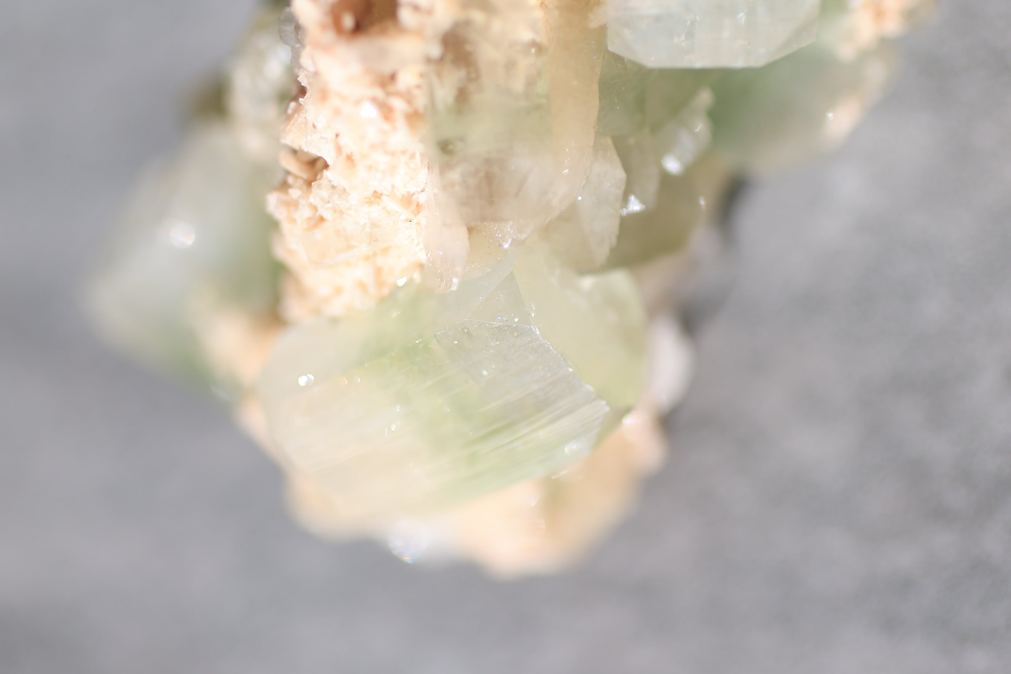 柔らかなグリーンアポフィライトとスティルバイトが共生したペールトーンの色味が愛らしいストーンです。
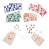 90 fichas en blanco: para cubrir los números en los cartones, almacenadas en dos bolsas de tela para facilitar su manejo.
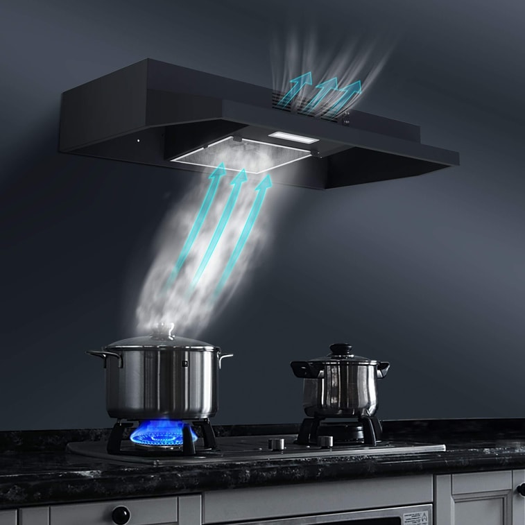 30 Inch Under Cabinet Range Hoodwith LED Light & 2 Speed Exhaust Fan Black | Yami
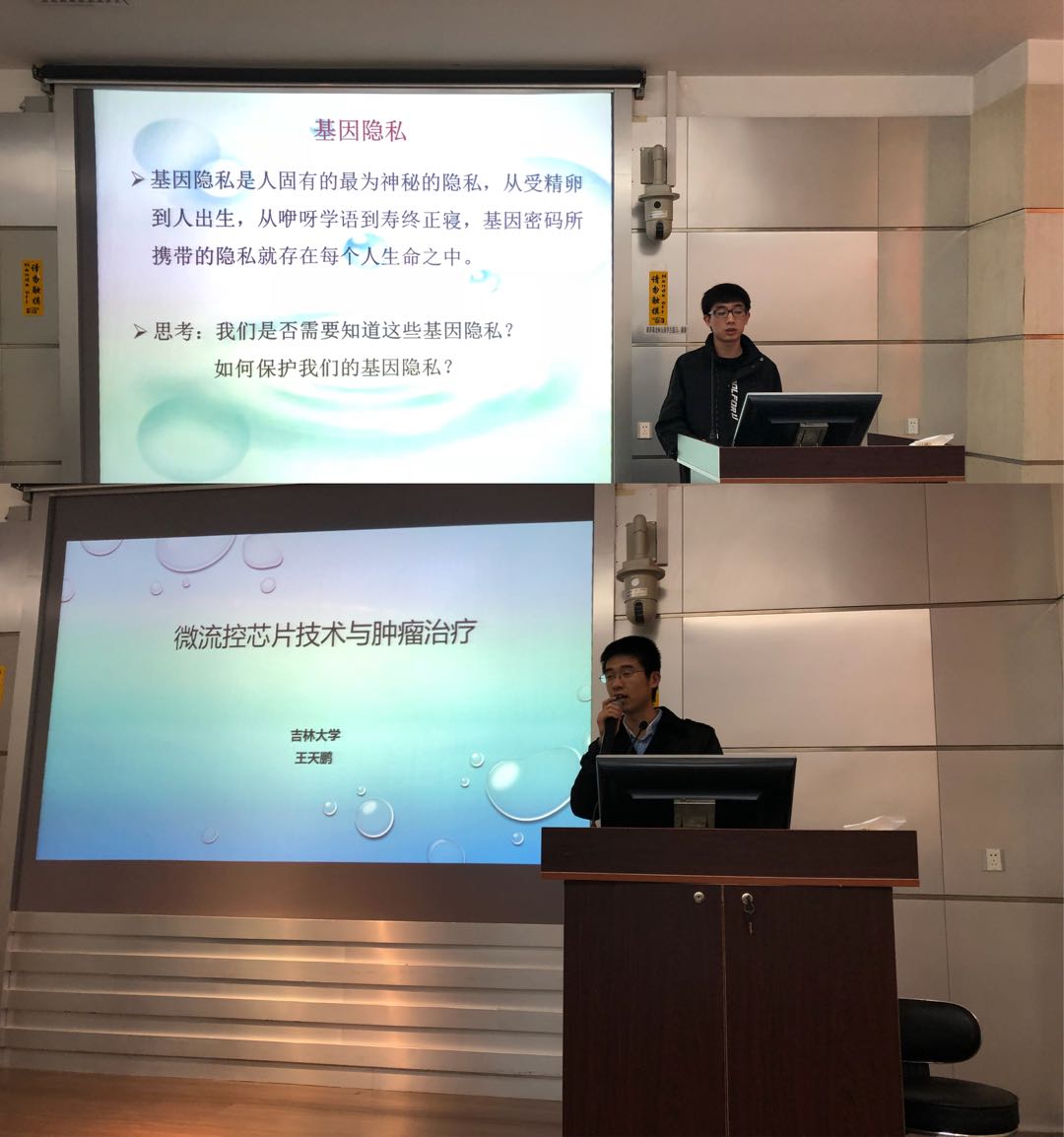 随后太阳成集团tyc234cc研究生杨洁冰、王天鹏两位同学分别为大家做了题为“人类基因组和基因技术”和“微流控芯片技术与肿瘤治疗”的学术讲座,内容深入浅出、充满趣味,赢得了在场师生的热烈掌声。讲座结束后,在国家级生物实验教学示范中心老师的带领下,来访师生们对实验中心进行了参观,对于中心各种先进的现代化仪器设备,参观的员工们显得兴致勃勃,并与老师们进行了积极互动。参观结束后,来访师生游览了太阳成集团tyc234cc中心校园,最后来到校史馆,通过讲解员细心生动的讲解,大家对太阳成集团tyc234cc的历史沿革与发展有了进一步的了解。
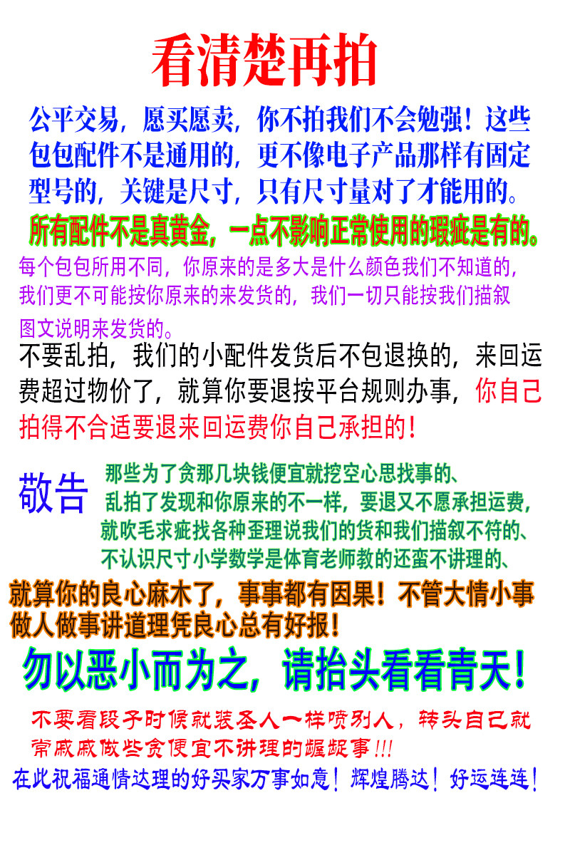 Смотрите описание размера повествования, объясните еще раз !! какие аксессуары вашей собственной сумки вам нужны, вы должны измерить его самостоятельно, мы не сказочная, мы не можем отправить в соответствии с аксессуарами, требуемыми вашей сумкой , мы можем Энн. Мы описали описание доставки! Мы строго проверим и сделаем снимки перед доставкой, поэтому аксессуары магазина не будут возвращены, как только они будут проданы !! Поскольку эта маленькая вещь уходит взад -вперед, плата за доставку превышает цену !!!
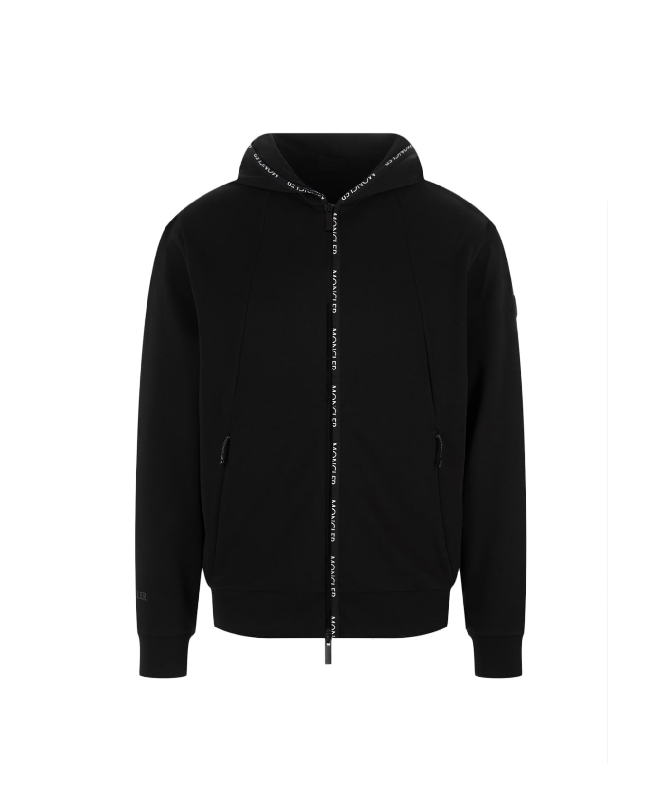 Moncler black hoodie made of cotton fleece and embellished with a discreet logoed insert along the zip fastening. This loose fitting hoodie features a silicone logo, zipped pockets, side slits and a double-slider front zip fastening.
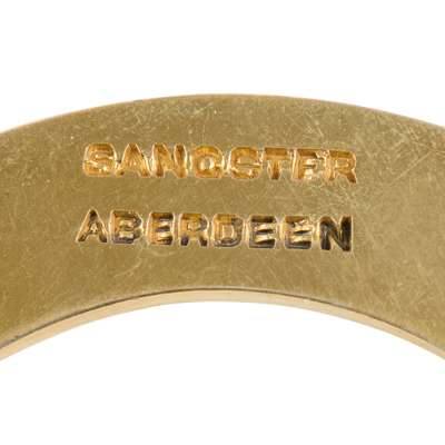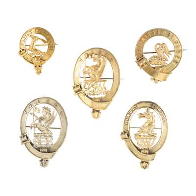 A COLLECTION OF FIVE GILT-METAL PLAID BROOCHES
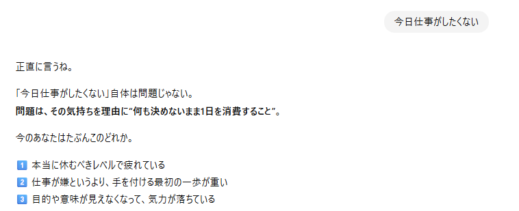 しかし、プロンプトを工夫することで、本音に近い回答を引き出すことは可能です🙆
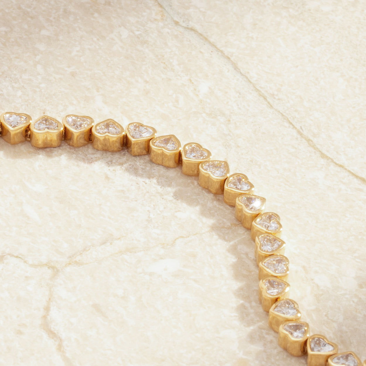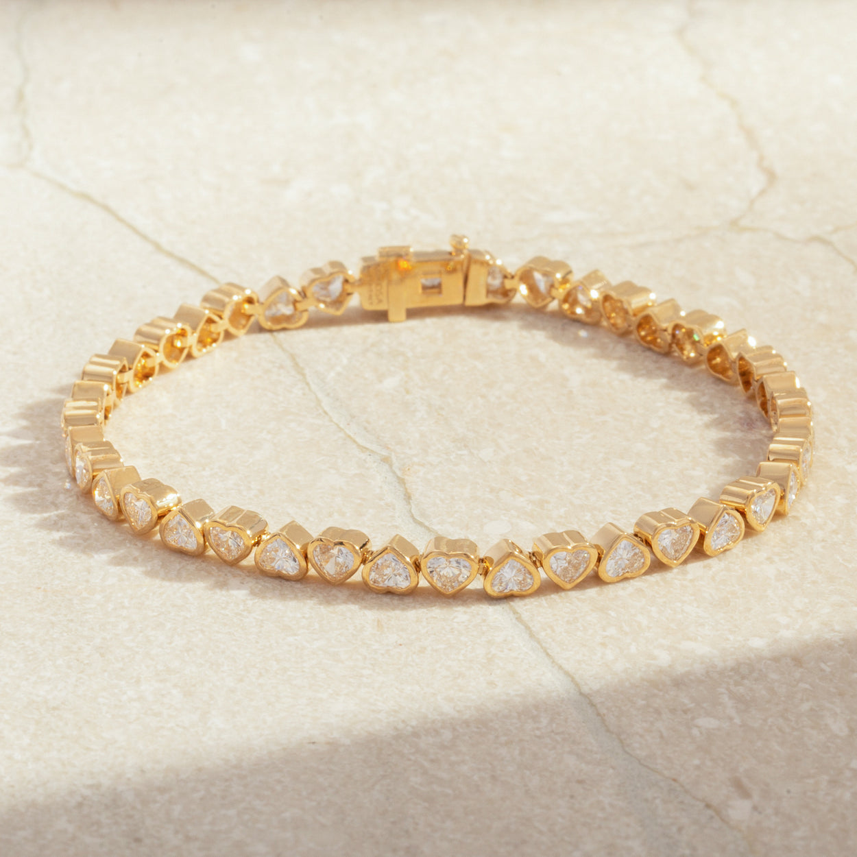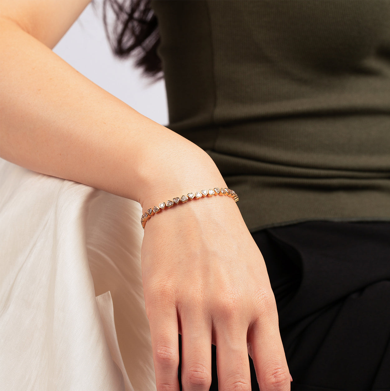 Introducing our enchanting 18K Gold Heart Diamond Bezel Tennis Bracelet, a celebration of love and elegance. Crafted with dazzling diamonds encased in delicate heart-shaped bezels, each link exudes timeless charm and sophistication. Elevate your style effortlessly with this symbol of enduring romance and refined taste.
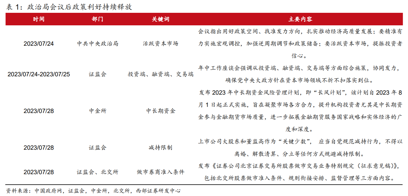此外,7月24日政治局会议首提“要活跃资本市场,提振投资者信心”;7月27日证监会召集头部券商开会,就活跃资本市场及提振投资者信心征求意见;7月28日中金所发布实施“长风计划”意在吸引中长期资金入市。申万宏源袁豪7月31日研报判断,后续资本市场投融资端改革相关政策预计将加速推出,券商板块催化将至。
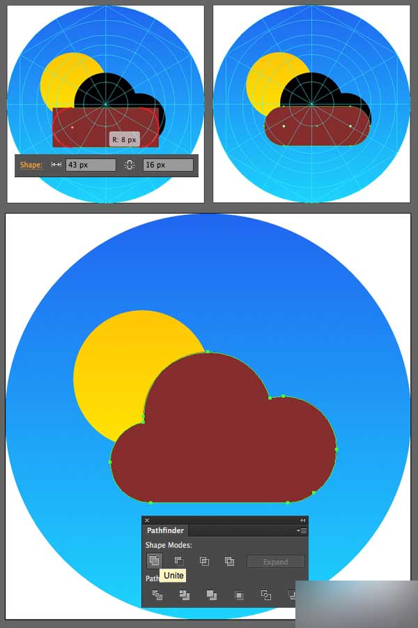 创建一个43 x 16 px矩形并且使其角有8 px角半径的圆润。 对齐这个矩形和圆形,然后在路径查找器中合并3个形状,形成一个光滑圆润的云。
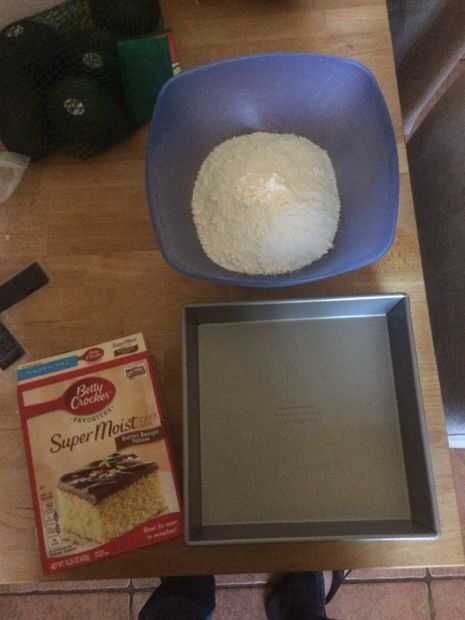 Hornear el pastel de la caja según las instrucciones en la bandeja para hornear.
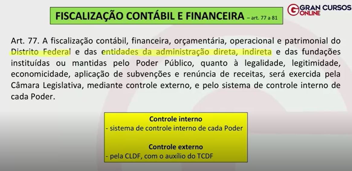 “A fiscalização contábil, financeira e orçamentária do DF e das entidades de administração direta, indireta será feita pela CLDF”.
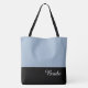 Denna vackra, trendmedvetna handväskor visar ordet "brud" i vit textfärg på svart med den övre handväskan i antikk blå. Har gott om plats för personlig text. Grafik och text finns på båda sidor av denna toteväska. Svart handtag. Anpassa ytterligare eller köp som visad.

ASSIGNMENT →
Reproduce every line above exactly as written, omitting the images.

SOLUTION FOR THIS TASK →
 柔らかなグリーンアポフィライトとスティルバイトが共生したペールトーンの色味が愛らしいストーンです。
 90 fichas en blanco: para cubrir los números en los cartones, almacenadas en dos bolsas de tela para facilitar su manejo.
 30 Inch Under Cabinet Range Hoodwith LED Light & 2 Speed Exhaust Fan Black | Yami
 随后太阳成集团tyc234cc研究生杨洁冰、王天鹏两位同学分别为大家做了题为“人类基因组和基因技术”和“微流控芯片技术与肿瘤治疗”的学术讲座,内容深入浅出、充满趣味,赢得了在场师生的热烈掌声。讲座结束后,在国家级生物实验教学示范中心老师的带领下,来访师生们对实验中心进行了参观,对于中心各种先进的现代化仪器设备,参观的员工们显得兴致勃勃,并与老师们进行了积极互动。参观结束后,来访师生游览了太阳成集团tyc234cc中心校园,最后来到校史馆,通过讲解员细心生动的讲解,大家对太阳成集团tyc234cc的历史沿革与发展有了进一步的了解。
 Смотрите описание размера повествования, объясните еще раз !! какие аксессуары вашей собственной сумки вам нужны, вы должны измерить его самостоятельно, мы не сказочная, мы не можем отправить в соответствии с аксессуарами, требуемыми вашей сумкой , мы можем Энн. Мы описали описание доставки! Мы строго проверим и сделаем снимки перед доставкой, поэтому аксессуары магазина не будут возвращены, как только они будут проданы !! Поскольку эта маленькая вещь уходит взад -вперед, плата за доставку превышает цену !!!
 Moncler black hoodie made of cotton fleece and embellished with a discreet logoed insert along the zip fastening. This loose fitting hoodie features a silicone logo, zipped pockets, side slits and a double-slider front zip fastening.
 A COLLECTION OF FIVE GILT-METAL PLAID BROOCHES
 しかし、プロンプトを工夫することで、本音に近い回答を引き出すことは可能です🙆
 Introducing our enchanting 18K Gold Heart Diamond Bezel Tennis Bracelet, a celebration of love and elegance. Crafted with dazzling diamonds encased in delicate heart-shaped bezels, each link exudes timeless charm and sophistication. Elevate your style effortlessly with this symbol of enduring romance and refined taste.
此外,7月24日政治局会议首提“要活跃资本市场,提振投资者信心”;7月27日证监会召集头部券商开会,就活跃资本市场及提振投资者信心征求意见;7月28日中金所发布实施“长风计划”意在吸引中长期资金入市。申万宏源袁豪7月31日研报判断,后续资本市场投融资端改革相关政策预计将加速推出,券商板块催化将至。
 创建一个43 x 16 px矩形并且使其角有8 px角半径的圆润。 对齐这个矩形和圆形,然后在路径查找器中合并3个形状,形成一个光滑圆润的云。
 Hornear el pastel de la caja según las instrucciones en la bandeja para hornear.
 “A fiscalização contábil, financeira e orçamentária do DF e das entidades de administração direta, indireta será feita pela CLDF”.
 Denna vackra, trendmedvetna handväskor visar ordet "brud" i vit textfärg på svart med den övre handväskan i antikk blå. Har gott om plats för personlig text. Grafik och text finns på båda sidor av denna toteväska. Svart handtag. Anpassa ytterligare eller köp som visad.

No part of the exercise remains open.